Little things pile on more, and then there are big things - dental work, car repairs, a missed insurance payment. Co-pays for lab work. The household got an unexpected expense, we're moving and need to pay the movers, a trip to Starbucks bounced three things... all that sort of stuff.
Then I got lured into BofA's debt consolidation personal loan, which I knew was bad but did anyway. After being on the phone with a rep, I said - listen, the best of my cards has only 10% APR, and the worst is 16%. You're offering to move all this debt for a 3% fee and put me at 22% APR. How is that better for me? Well, they responded, you'd have it all in one place and it'd be easier to repay - only one bill to track! True, I thought. I then said that the APR was way too high. She told me that I could have it lowered after a few months of on-time payment above the minimum.
Always. Always. Always get that in writing. After a few months, no - I couldn't get it lowered. They "review" your account once per year, and while they were happy to do so for me just this once, they could tell that nothing about my situation had changed and that I was stuck at 22%. So I balance transferred $22,000 right back into several other cards, paying about $400 in fees (plus the initial fees) - putting me right back where I started, and even more in debt than I was before.

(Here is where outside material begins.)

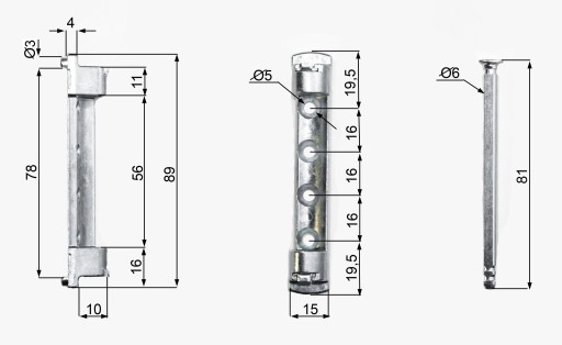 Opis: zawias wykonany jest z metalu ocynkowanego. Jest to zawias okienny górny. Zawias przykręcany jest do ramy okna za pomocą 4 wkrętów. Posiada estetyczną nakładkę z tworzywa w kolorze białym. Zawias tego typu jest stosowany najczęściej w oknach PVC. Jest to zawias uniwersalny bez odmian. Maksymalna waga skrzydła to 100 kg.
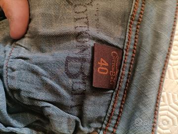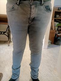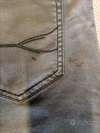 Jeans uomo di colore verde melangiato con cuciture di colore verde scuro, indossato poche volte.

What credit counsellors will tell you is to cut up your cards and pay as much as you can every month, and not get any new lines of credit. This generally works. However, I just locked them away. Now I have one card that I never charge anything to, which has $18,000 of debt on (and I don't pay APR on until Oct. 2012), and another card which I rack up points on which has about $2,000 on it. I haven't really made much of a dent, at least it seems. As it stands, actually, only $18,000 of that debt is mine - thank goodness - and the rest was used to cover purchases for other people in my household (which they're repaying steadily).
Still, it's a bit daunting for me being $18,000 in debt. Although my paychecks look large, I'm only keeping about $50 a paycheck for myself. The rest is going to the house, health needs, and lots of credit card repayments. The trick, as it stands, is to stop building up more. In the meantime, it does make it difficult to dream big in the near future - buying a house, for example.